Inflation fears dragged down financial stocks Thursday, with the American Banker index retreating to a 16-month low.

"It's getting ugly out there. Some of these banks haven't seen these levels in quite some time," said Jacqueline Reeves, an analyst at Putnam, Lovell, de Guardiola & Thornton Inc., as the American Banker index of the top 225 U.S. banks fell 2.3%, to 539.3, its lowest point since March 1997.

A report by the U.S. Commerce Department on durable goods orders, which showed continued strength in the economy, was blamed for the tailspin. The report did little to dispel any hope that the Federal Reserve would temper its anti-inflation rhetoric and consequent plans to raise interest rates. (See story below.)

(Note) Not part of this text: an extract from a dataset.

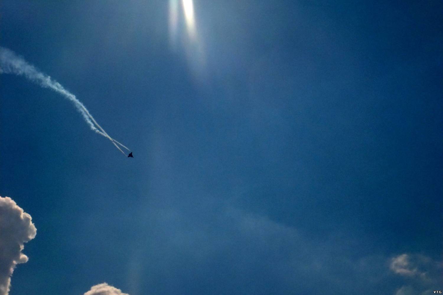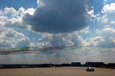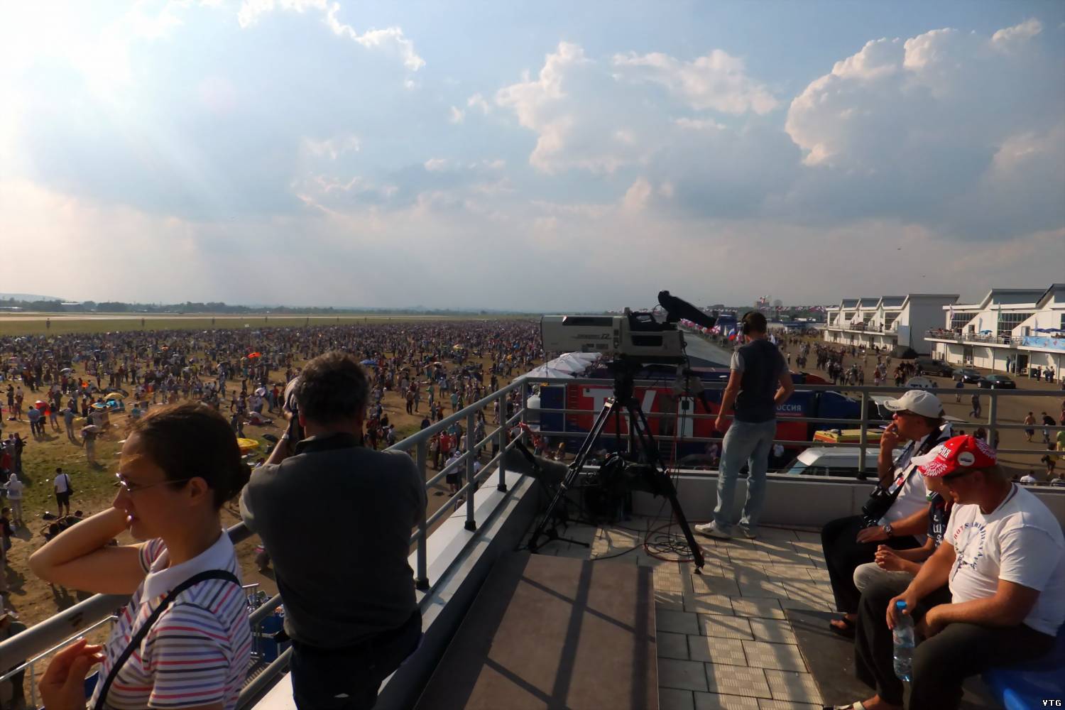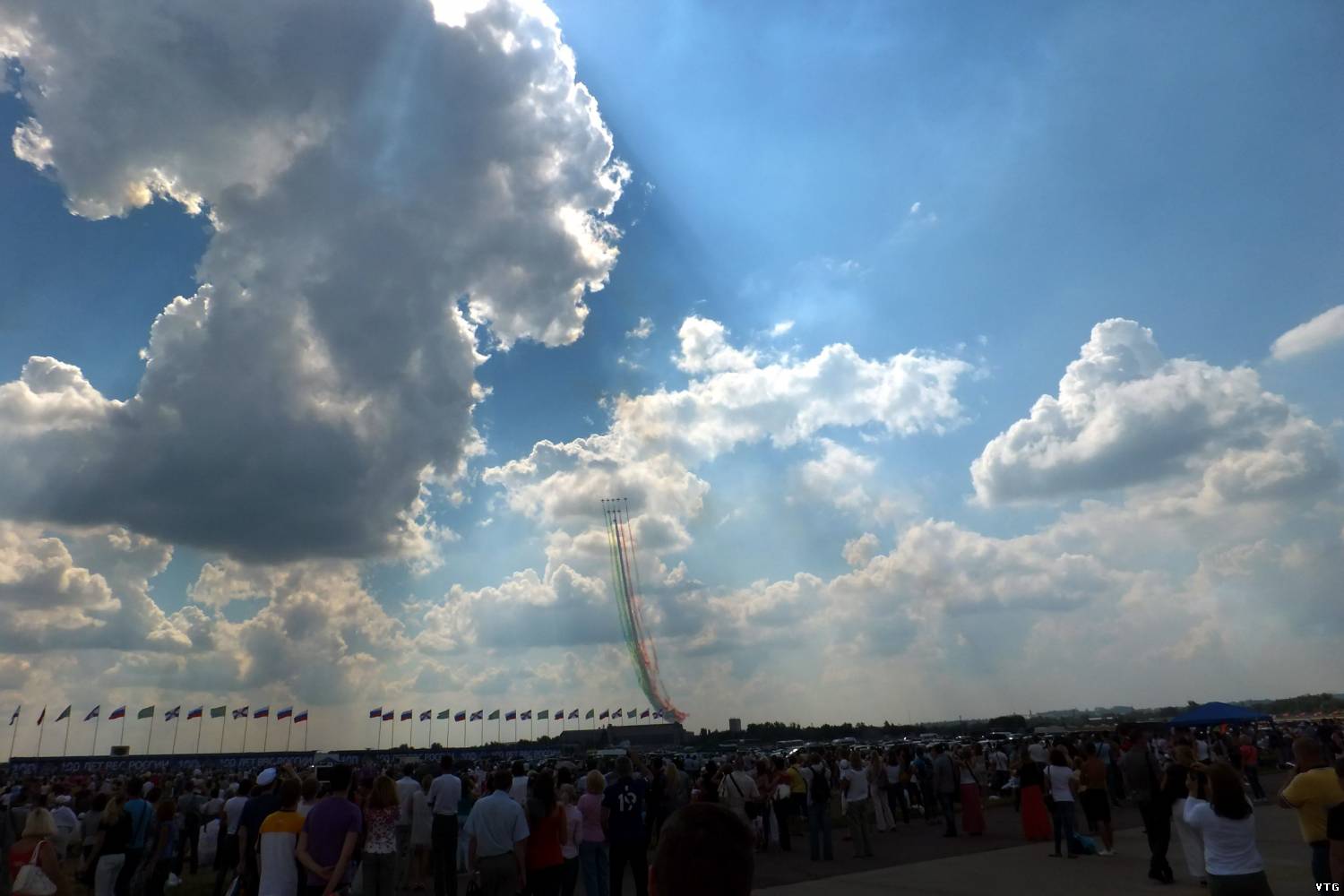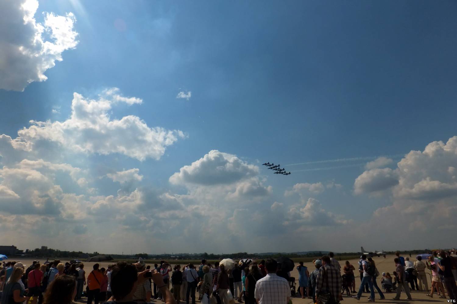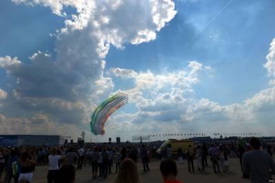 12 числа с погодой повезло и мы спонтанно собравшись рванули на шоу. Организация была на высшем уровне . Бесплатные автобусы беспрерывно доставляли гостей шоу к аэродрому . На территории аэродрома было много точек для принятия пищи . Продавалась вода, пиво . Так же велась продажа разнообразных сувениров начиная с авторучек с флажками и заканчивая посудой с символикой и одеждой летчиков . Я сделал несколько снимков , но сразу хочу предупредить , что снимки не достаточного качества , так как наблюдая за полётами приходилось смотреть против солнца.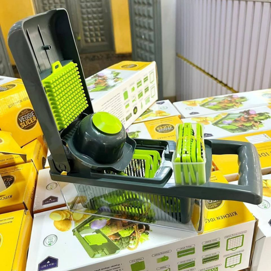 The Platinum 16-in-1 Vegetable Chopper offers quick slicing, cutting, grating, cubing and peeling in a single compact tool, making daily cooking faster and cleaner. The 1L container and multiple blade options help prepare any vegetable with ease.

The news was another blow to investors, who are increasingly worried that rising interest rates will shave corporate profits as the economy slows.

In testimony this week, Fed Chairman Alan Greenspan told the Senate Banking Committee that the four hikes in the federal funds rate - the overnight bank lending rate - since last June have not been sufficient to quash the threat of inflation.

With the persistent threat of higher rates, many investors are dumping bank stocks, and Wall Street analysts are not exactly touting the sector.

Raphael Soifer, an analyst at Brown Brothers Harriman & Co. in New York, has neutral ratings for all but a few of the money-center banks he covers. He has "long-term buy" ratings on Mellon Financial Corp., Wells Fargo & Co., Bank of New York Co., and SunTrust Banks Inc. All are companies he characterized as "conservative," with a higher percentage of fee-based revenues than the average banking company.

But these positive recommendations are for institutional investors "who cannot afford to have zero weightings in financial stocks," Mr. Soifer said.

For most investors, Mr. Soifer added, "an interest rate-driven bear market is not a favorable scenario for bank and financial stocks."

The plummeting valuations have left some analysts incredulous. Though the stocks' deterioration is reminiscent of the last phase of the interest rate hikes in 1994 and 1995, banks these days are much better positioned to take advantage of consumer information after spending so much on technology in recent years, Ms. Reeves said.

"Technology is playing a bigger role in terms of improving productivity and the knowledge of the customer base," she said.

Also, if seller expectations dropped a bit, a new wave of consolidation as a result of the repeal of Glass-Steagall restrictions could help stock values, Ms. Reeves said.

"We have a tremendous number of banks, and consolidation should continue," she said. "Financial modernization allows banks to move into more complementary lines of business they couldn't before."